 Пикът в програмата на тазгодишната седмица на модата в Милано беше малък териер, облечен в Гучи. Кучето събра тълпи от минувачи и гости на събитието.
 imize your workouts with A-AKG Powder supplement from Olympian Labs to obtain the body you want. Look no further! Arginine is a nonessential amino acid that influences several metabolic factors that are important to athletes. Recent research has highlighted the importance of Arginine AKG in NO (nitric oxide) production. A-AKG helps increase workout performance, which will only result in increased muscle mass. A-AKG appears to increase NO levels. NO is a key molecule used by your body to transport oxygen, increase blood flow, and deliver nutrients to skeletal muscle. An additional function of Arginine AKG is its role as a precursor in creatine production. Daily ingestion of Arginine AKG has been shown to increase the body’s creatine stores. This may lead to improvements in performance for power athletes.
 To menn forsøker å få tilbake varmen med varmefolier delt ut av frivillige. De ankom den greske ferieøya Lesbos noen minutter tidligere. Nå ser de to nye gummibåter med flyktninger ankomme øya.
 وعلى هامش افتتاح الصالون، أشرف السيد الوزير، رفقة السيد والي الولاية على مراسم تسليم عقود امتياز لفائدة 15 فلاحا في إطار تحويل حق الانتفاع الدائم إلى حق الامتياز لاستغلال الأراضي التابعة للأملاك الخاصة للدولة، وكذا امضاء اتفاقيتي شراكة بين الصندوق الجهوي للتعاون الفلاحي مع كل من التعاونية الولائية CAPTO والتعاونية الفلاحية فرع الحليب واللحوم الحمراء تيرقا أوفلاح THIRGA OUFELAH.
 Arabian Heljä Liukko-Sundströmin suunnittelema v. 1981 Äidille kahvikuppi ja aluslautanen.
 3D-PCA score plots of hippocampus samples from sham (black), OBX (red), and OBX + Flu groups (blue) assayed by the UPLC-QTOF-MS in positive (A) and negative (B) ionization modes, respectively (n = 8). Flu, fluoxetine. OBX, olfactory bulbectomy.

---

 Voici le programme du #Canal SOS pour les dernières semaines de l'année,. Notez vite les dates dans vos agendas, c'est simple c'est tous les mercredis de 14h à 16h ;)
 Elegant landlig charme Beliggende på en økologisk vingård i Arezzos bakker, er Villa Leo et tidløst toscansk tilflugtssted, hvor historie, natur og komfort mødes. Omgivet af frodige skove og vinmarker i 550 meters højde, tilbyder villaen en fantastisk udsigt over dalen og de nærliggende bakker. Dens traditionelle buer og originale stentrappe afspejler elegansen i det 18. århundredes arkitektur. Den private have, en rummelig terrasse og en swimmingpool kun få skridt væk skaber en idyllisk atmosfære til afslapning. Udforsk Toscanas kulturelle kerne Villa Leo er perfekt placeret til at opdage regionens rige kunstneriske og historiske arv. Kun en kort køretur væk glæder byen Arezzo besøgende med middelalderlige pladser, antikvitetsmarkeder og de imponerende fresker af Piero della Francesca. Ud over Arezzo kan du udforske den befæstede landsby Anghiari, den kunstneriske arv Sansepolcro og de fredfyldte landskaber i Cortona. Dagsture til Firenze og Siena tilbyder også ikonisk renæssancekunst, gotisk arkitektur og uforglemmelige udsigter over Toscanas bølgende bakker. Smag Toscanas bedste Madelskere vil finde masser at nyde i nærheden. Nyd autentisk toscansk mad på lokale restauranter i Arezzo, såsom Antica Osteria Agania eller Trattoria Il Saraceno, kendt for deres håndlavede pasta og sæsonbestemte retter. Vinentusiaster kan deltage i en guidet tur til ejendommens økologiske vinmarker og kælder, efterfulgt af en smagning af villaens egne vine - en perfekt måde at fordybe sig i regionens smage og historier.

* [Aim of the exercise] Write down, word for word, the lines above from the one containing "Arabian Heljä Liukko-Sundströmin" through the one containing "3D-PCA score plots", both ends included.

* [Output of the exercise]
 Arabian Heljä Liukko-Sundströmin suunnittelema v. 1981 Äidille kahvikuppi ja aluslautanen.
 3D-PCA score plots of hippocampus samples from sham (black), OBX (red), and OBX + Flu groups (blue) assayed by the UPLC-QTOF-MS in positive (A) and negative (B) ionization modes, respectively (n = 8). Flu, fluoxetine. OBX, olfactory bulbectomy.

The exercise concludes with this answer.